Ночь. Элинор и Огастус наказаны за то, что баловались на улице и едва не простудились. Они уперто стоят в углу, но совсем не чувствуют вину. В конце концов, дети устают и просто ложатся на пол рядом друг с другом.
— Знаешь, Булка, ты не такая, как другие девчонки, — произносит мальчик, глядя в потолок. — Жаль, что ты не знаешь французского — я бы уговорил родителей, чтобы ты осталась подольше.
— Я выучу его и вернусь наподольше, — обещает девочка.
— Правда? Обещаешь? — Огастус возбужденно вскакивает и облокачивается на локти, восхищенно глядя на уставшую Элинор.
— Да, обещаю, — она улыбается, встречается взором с мальчиком.
— Знаешь, Булка, если бы мне было хотя бы восемнадцать лет, я бы влюбился в тебя, — серьезным тоном заявляет он. — А ты бы влюбилась в меня?
— Ты что, дурак? Нет, конечно, — она немного смущается, но делает вид, что крайне возмущена.
— Врушка! — Огастус протестует, — я готов поспорить, что ты влюбишься в меня, когда мне будет восемнадцать лет.
— Ни за что!
— Еще как влюбишься! Я буду очень привлекательным, так что ты не сможешь устоять перед моим обаянием.
— Ты? — Элинор смеется, — быть такого не может!
— Вот увидишь, что так и будет. Не веришь мне?
— Неа. Если я узнаю, что это ты, то ни за что не влюблюсь, так и знай!
— Ну ты и глупая, Булка, — Огастус улыбается и ложится рядом с Элинор, тайком поглядывая на нее. — И милая.
Элинор делает вид, что спит, но сама едва сдерживается, чтобы не выдать улыбку.

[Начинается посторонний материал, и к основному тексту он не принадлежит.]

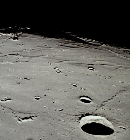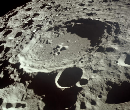 Oblique view of the lunar far side from lunar orbit. Large central crater is International Astronomical Union #308. It has a diameter of 50 statute miles.
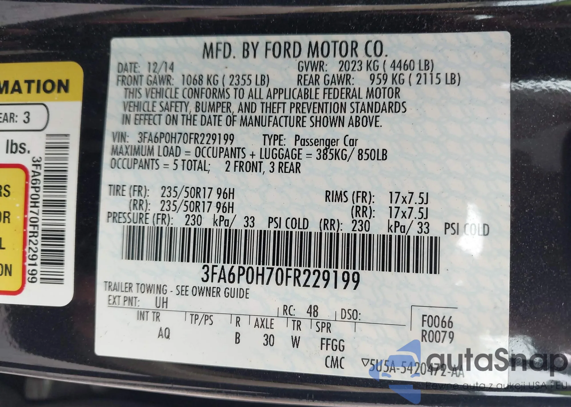 VIN: 3FA6P0H70FR229199
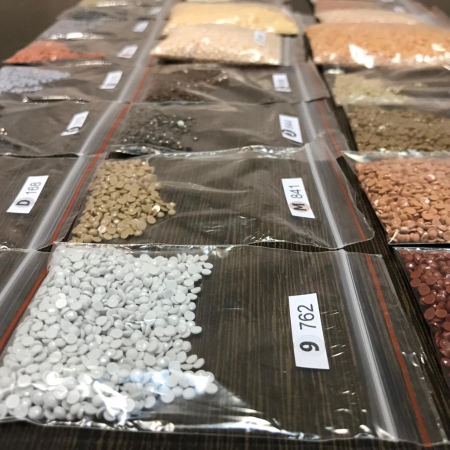 - 5. Возьмите пакет с нужными стразами и насыпьте небольшое количество в поддон. Берите стразы нужного цвета карандашом и выкладывайте на холст, придавливая. Символ на схеме соответствует цвету страз в пакетике с таким же символом. При выкладке края стразы должны четко закрывать условное обозначение на схеме. При необходимости аккуратно отклейте стразу и приклейте заново. Не допускайте наслаивания страз.
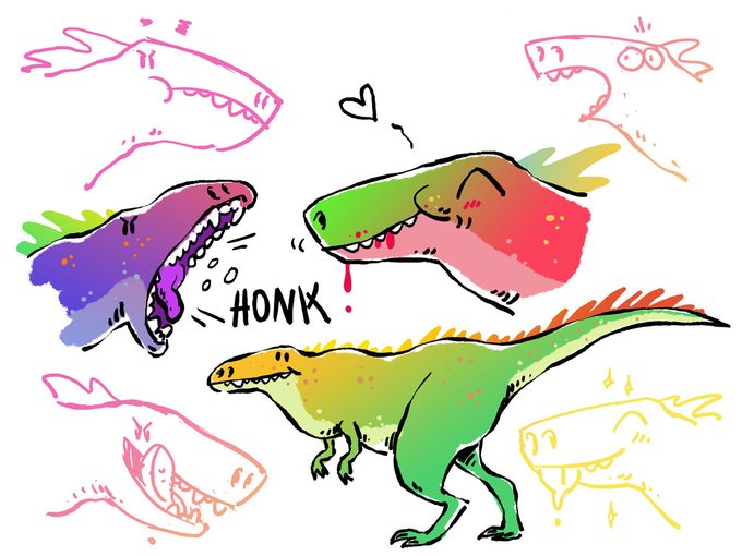 3rd entry in #Dinovember! I rolled up a Suchomimus. One thing I'm enjoying about this is the ability to come up with different colour schemes for the different dinos :). #DrawDinovember #dinosaurs
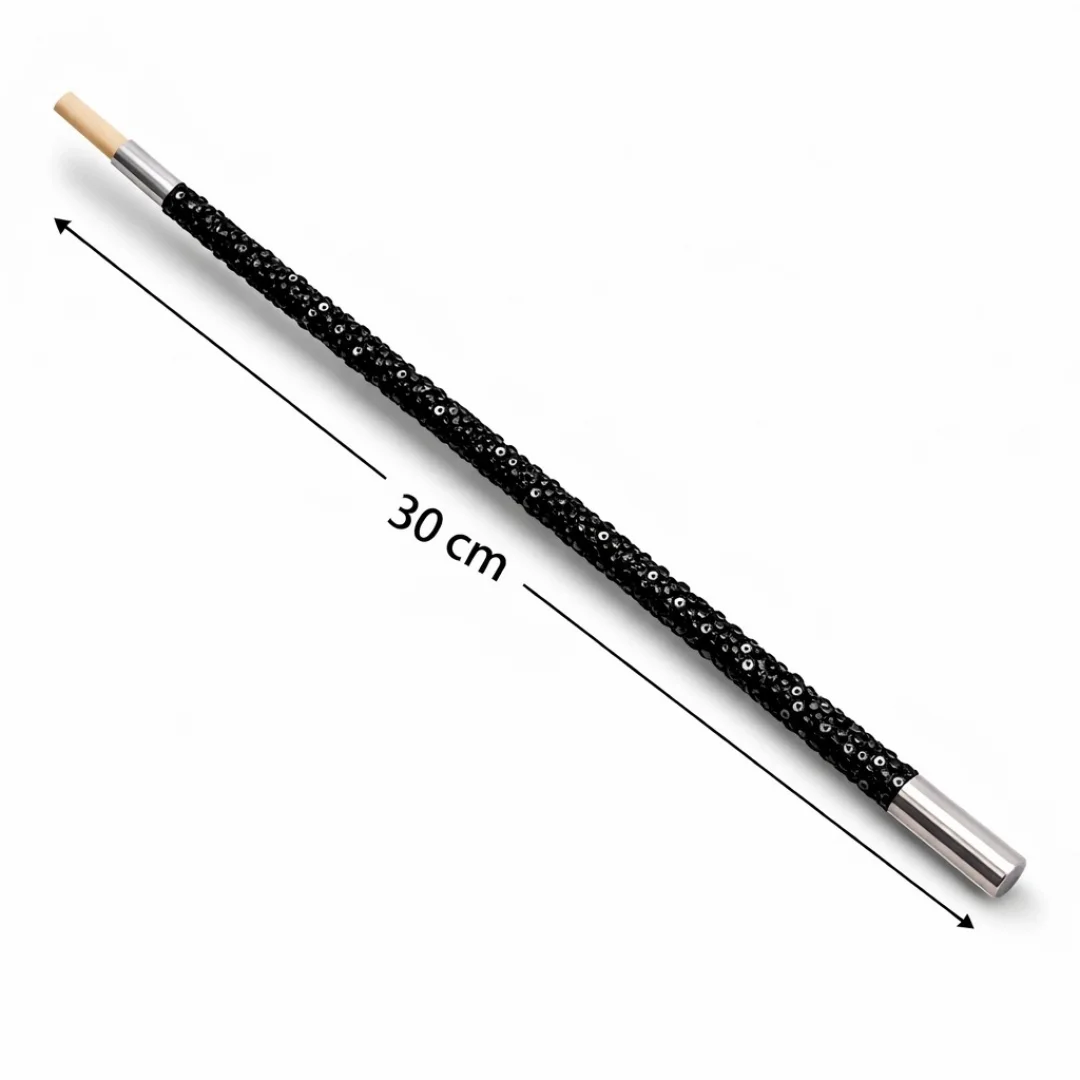 30 cm uzunluğundaki siyah payet kaplama sigara tutacağı, Gatsby ve flapper konseptli partiler için mükemmel bir tamamlayıcı aksesuardır. Uzun ve ince formu sayesinde elde zarif durur, fotoğraflarda şık bir siluet oluşturur.
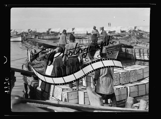 Lighters loaded with orange boxes for shipment,Agriculture,American Colony

Утро. Снова суета. Тетя просит Элинор собираться быстрее, потому что они проспали. Огастус помогает девочке сложить чемодан и провожает ее тоскливым взглядом до двери.
Они ждут, когда погрузят чемоданы в такси.

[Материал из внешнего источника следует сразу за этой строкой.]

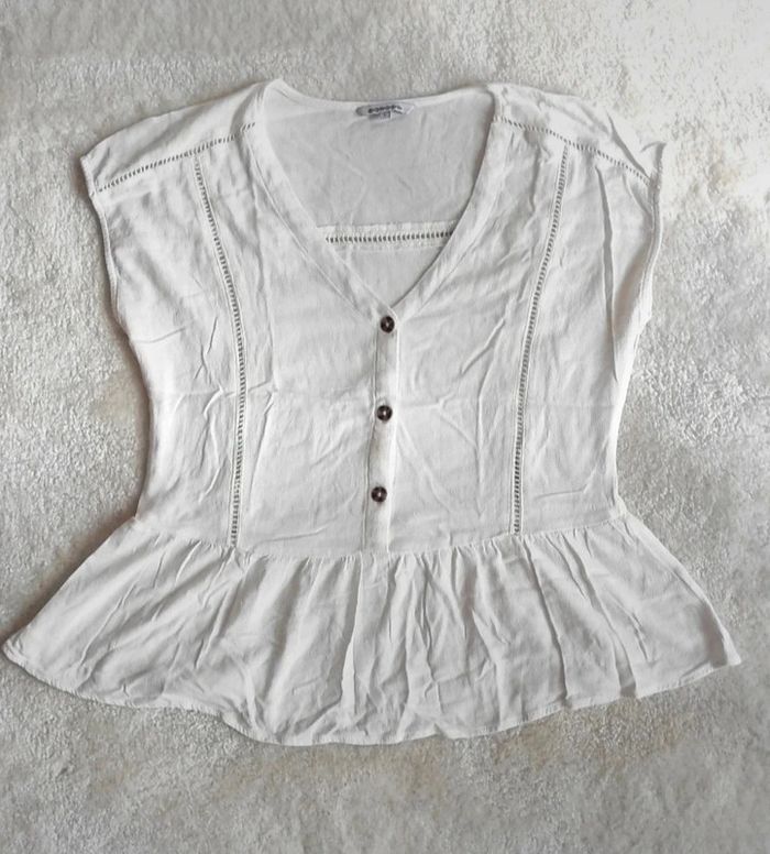 Top chemisier blouse peplum Bonobo S blanc crème

— Было весело провести с тобой Рождество, — прощается он, и Элинор становится невыносимо грустно. Она так быстро успела привязаться к этому мальчику, любящему сырое тесто.
— И мне, — отвечает она, в надежде на какое-нибудь чудо: пусть задержат рейсы или тетя увидит, как она сдружилась с Огастусом и позволит остаться с ним еще на несколько дней.
— Погоди, не уезжай, — просит мальчик, убегает и быстро возвращается с листиком бумаги и ручкой. — Пиши.
— Что? — удивленно интересуется Элинор.
— Свой адрес. Я найду тебя в восемнадцать лет, чтобы доказать, что ты влюбишься в меня.
Элинор ворчит «дурак» себе под нос, но все-таки аккуратно выводит каждую букву и цифру, затем протягивает листок мальчику. Он берет его бережно, словно ценный документ, на прощание улыбается и машет рукой.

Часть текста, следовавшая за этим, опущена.